In the fall, Carrie received a package from Mrs. Saunders at her parents’ house. She was temping as a receptionist while she finished her law school applications. Mrs. Saunders had included a note. Lulu wanted you to have these. There was a large envelope and a small present wrapped in tissue paper. Lulu had written Carrie across the envelope.
After Kristen and Debra had taken Lulu in for bed and Carrie turned off the fire on the deck, she read Andrew’s letters. She couldn’t not read them. She skimmed the lines, like an embarrassed intruder opening drawers while Lulu slept on the other side of the living room wall. Andrew’s words felt old, or she felt old reading them. They recalled a liveliness in her past. She was most comforted by the handwriting, the intent held in the pen sliding across those ruled lines. When she had first read the letters with Lulu, these pages held the unknown, the love affair itself. Now a relationship had come and gone, and the mystery was in Andrew. The next morning, she left the letters on Lulu’s nightstand, under the toucan. She picked up the toucan and the bird felt heavy in her hands, like a rock. The etched lines more amateur than she had remembered.
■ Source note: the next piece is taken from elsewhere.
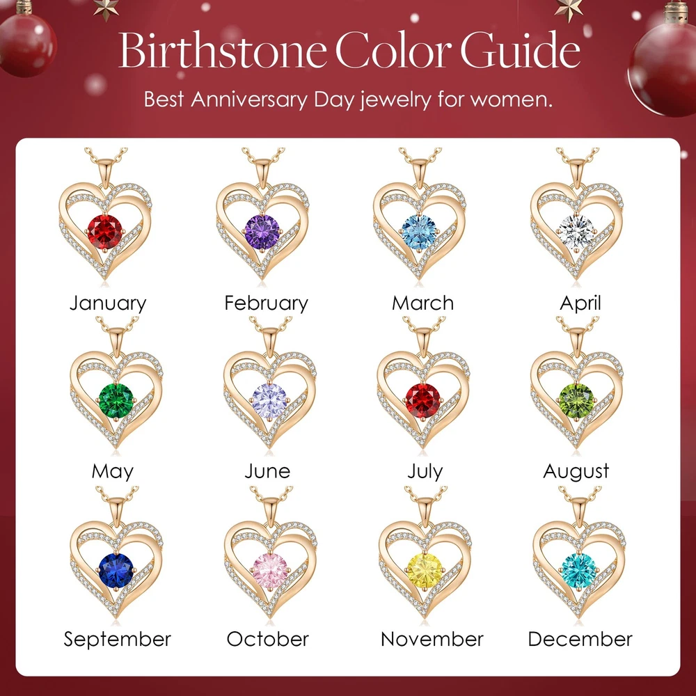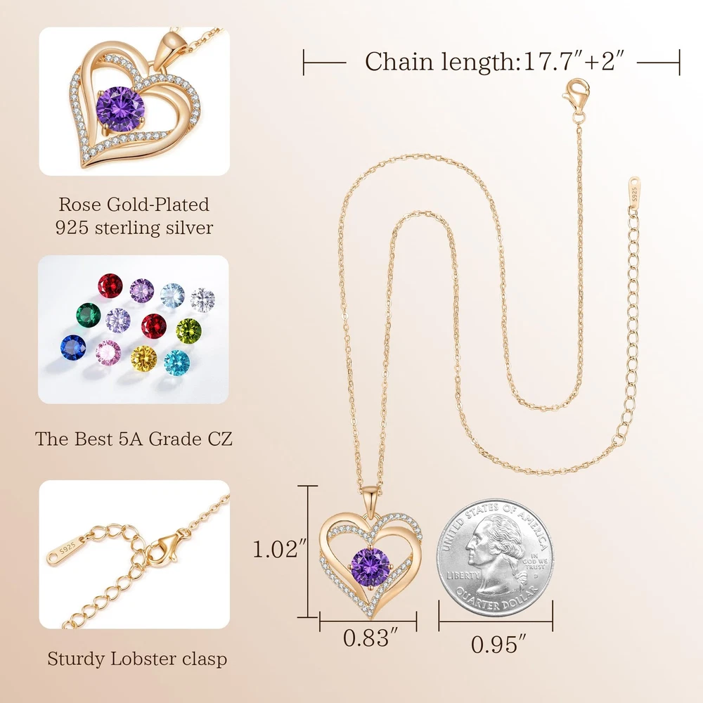 【FOREVER LOVE HEART NECKLACE】double-heart design symbolizes love for each other and everything that goes with it, in a fashionable way. The love heart birthstone necklaces for women with a gemstone pendant makes your relationship stronger and is the good choice to express your love for her on special day. And the meaning behind the design makes it a sentimental gift for that special someone. I LOVE YOU FOR ALWAYS AND FOREVER! 【925 STERLING SILVER MATERIAL】Pendant size for the love heart women necklaces: 0.83"ⅹ1.02" | Zircon size : 0.3"ⅹ0.3" | Chain length : 17.7"+2". The pendant and the chain are made of 925 STERLING SILVER with rose gold plating. 【12-MONTH BIRTHSTONE MEANINGS】EACH MONTH IS REPRESENTED BY 12 DIFFERENT COLORED BIRTHSTONES. A gem-quality cubic stone is embellished in the middle of the pendant, with high precision and fine cutting, it reflects extraordinary brilliance. The wearing of rose gold necklaces for women also can be bring good luck, wisdom, and happiness. MAKE YOUR DEAR EVERY MOMENT MORE BEAUTIFUL! 【IDEAL GIFT FOR YOUR LOVE】A necklace like this will never go out of trend – it mixes the past trend to the present and future. A sparkling women birthstone necklaces would best express your feelings towards your beloved and would make a perfect Birthday, Mother's Day, Valentine's Day, Christmas, Wedding, Engagement, Anniversary, Thanksgiving Day gifts for girlfriend, wife, mother, her. IT'S A GREAT IDEAL ROMANTIC JEWELRY GIFTS FOR YOUR LOVER. 【Why Choose Us】No additional packaging is required! Each Birthstone Necklaces comes in a specially elegant gift box! At , we fully stand behind our Heart Necklaces. If you don't love our necklaces, please feel free to contact us , and we will provide you with Satisfactory solution in time.

Now Carrie opened the envelope and found the three letters folded as she had left them. Behind the letters she found more, ten pages of Andrew’s sloped scrawl. These were not carefully composed; he repeated sentences from one day or week to the next, pleading with Lulu to listen. They were dated, with the time. Several marked as two or three in the morning after Andrew and Lulu had been on the phone. He swore he was taking a cab to the airport at sunrise and flying back to California. He said it hurt more to be sent away than to be with her until the end. She wasn’t saving him, he didn’t know where she’d gotten the idea that one of them could be saved. She didn’t have the right. But it seemed that she had. I can make my own choices, and I choose you. How had she kept him away? When had he given up and found his swimsuit model? Is that when Lulu understood her mistake? Had she not known until then? She wouldn’t try to call him back, the farthest she could reach was to burn his things, destroy what she had believed would always be true.
Carrie unwrapped the present slowly.
It was a picture frame with a photograph of Lulu and Carrie, their arms around each other under Blair Arch. The same photograph Carrie had thrown away in Guatemala, as if Lulu had known she’d lost it. They wore wool fisherman sweaters, jeans, and boots and stood on a white blanket of snow. The snow was three or four inches thick at most, but it looked luxurious. Carrie and Lulu had pink cheeks and triumphant smiles, and bits of white in their hair. They had just carved angels on the lawn, flying their arms and legs across the snow as they stared up into the cold blue sky.